A Burlington man was arrested Tuesday after Halton Regional Police responded to a 911 call claiming a woman had been shot.
But when police arrived, they found no one was hurt and say the call was a hoax intended to draw attention to a far less serious complaint made earlier.
“It is alleged that the 911 call was made … to expedite police response to a separate report in regards to missing property,” said Halton Regional Police in a statement.
As a result, they charged 27-year-old Zach Gerdes with two counts under the Criminal Code: convey false message and public mischief. The latter carries a maximum sentence of five years in prison upon conviction.
Gerdes was released on a promise to appear in court.
Police allege a call was placed to 911 at about 7:45 p.m.

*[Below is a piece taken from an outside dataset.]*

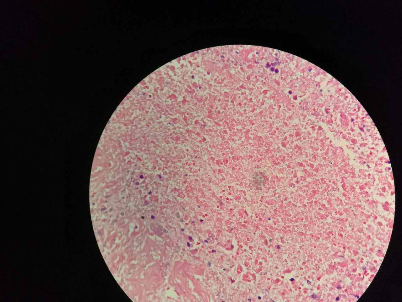 较大的粉红区都是坏死,可以看出坏死是因为巢团大,中央坏死

Tuesday evening, stating that a female had been shot at a Burlington residence on Walkers Line.
Heavily armed police tactical officers responded to the home along with Halton EMS but found no victim or confrontation.
WATCH: Burlington man arrested for alleged false 911 call
The case is the most serious among a growing number of inappropriate calls to 911 reported by police departments.
“When you call on 911 for something that is not an emergency, it ties up that dispatcher so that they are not answering another 911 that can come in,” said Christina Votipka, a Las Vegas-based 911 dispatcher and trainer.
Votipka says she’s been repeatedly called asking for the current time, having been told by one person: “I know you’ve got a clock in there.”
In Simcoe, Ont., provincial police said a 911 call was placed in March by someone complaining about bedbugs.
Police say the man told the dispatcher he wanted police assistance.
Disgusting, yes — but bedbugs aren’t considered a valid reason to call 911, police warn.
Neither are calls for help with homework, which dispatchers say they occasionally receive from children.
WATCH: Controversy rises over Amber Alert sent after 11-year-old goes missing
Following two Amber Alerts in Ontario in February and March, police were besieged by 911 queries from angry callers, complaining about being disturbed after receiving alerts on their mobile phones.
Police at the time appealed to people not to tie up resources intended for urgent calls.
“911 is only to be used for actual emergencies,” said Halton police in a tweet after the incident in Burlington.